Earlier this week the House held a hearing on private student loans and bankruptcy, shedding light for the first time on a rather unknown yet devastating aspect of student debt.
Did you know that because of legislation dating back to 1976 under the Higher Education Act private student loans are unable to be discharged through bankruptcy? In other words, feel free to run up the credit card and splurge, but take out loans to pay for education? That’s just reckless.
The number of students taking out private (or nonfederal) student loans has increased significantly over the past decade. Private student loans now make up nearly a quarter of the overall market, compared to just ten years ago when they made up a small fraction. This spike is not only due to skyrocketing tuition –the average four-year tuition has increased 30 percent from a decade ago –but also because of the complexity of the financial aid process that leaves many students vulnerable to take out the worst of loans. In fact, many students turn to private loans before even exhausting available federal aid and loan options.
These loans pawned on students by private lenders are often downright predatory, offering little consumer protections. Private loan interest rates are normally variable, with average interest rates running between 9 and 13 percent,  nearly double that of federal loans. On top of that, the flexibility of repayment for private loans are much less pliant, in almost all cases a missed monthly payment results in an automatic interest rate hike of 2 percent, with additional fines and fees to punish borrowers.

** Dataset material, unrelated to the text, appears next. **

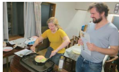
お好み焼き作りを楽しむゲスト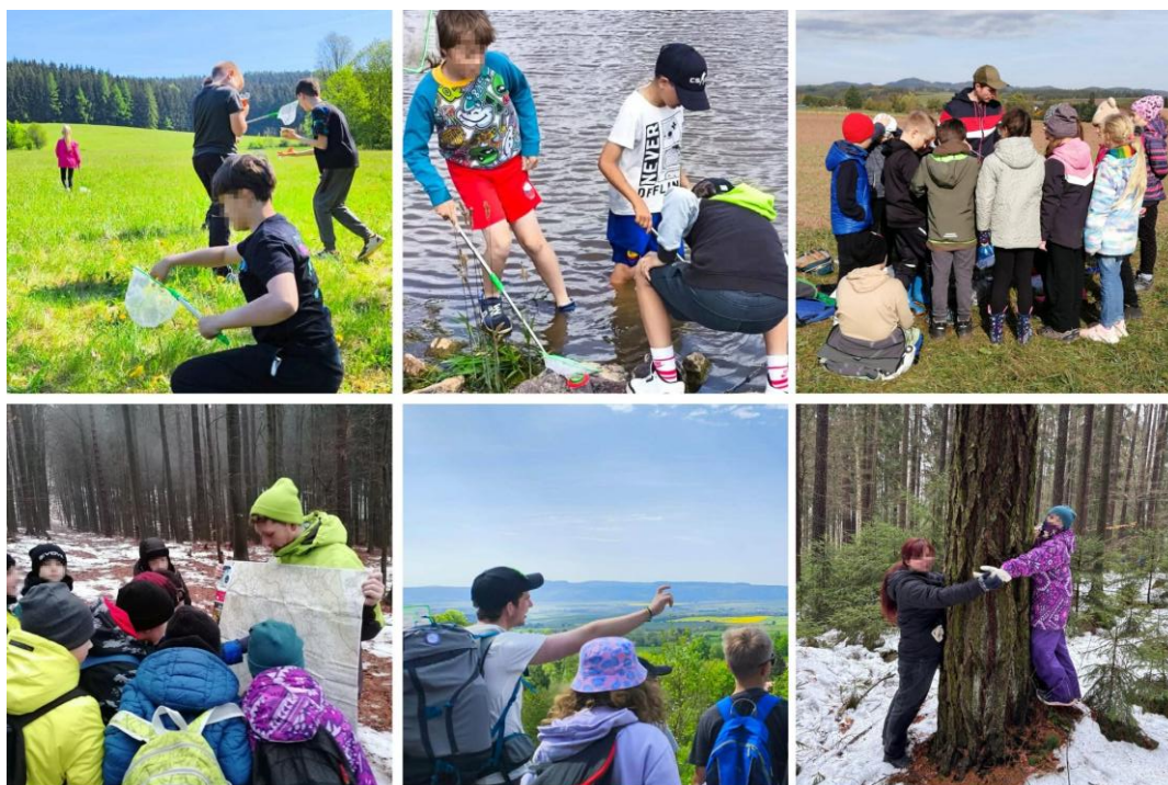
Obrázek 4 – Koláž fotografií z realizace

And you can imagine that with the toughest job market in decades, coupled with staggering student debt averaging $23,000 , students are finding they can no longer keep up with repayment. But unlike federal loans, private lenders do not have to offer flexible payment plans or a forbearance option to struggling borrowers. Why should lenders? When they can maintain hefty profits.
While in truly tough times, students needing to discharge their private loans in bankruptcy are forbidden to. In other words, if you face chronic unemployment, a medical emergency or even die –tough luck, student loan debt will continue to be an albatross.
Congress though may finally be addressing this injustice. This week’s hearing was the first time the issue has been addressed since written into law in 1976! Rep. Steve Cohen (D-TN) announced  he will soon file legislation to give private student loan borrowers more equitable treatment during the bankruptcy process. And in another good sign, House Chairman of Education and Labor Committee, Rep. George Miller is on board as well, stating , "There’s no justifiable reason that the lenders who provide them should be treated any differently than credit card companies, auto finance companies, utility providers, and other creditors.”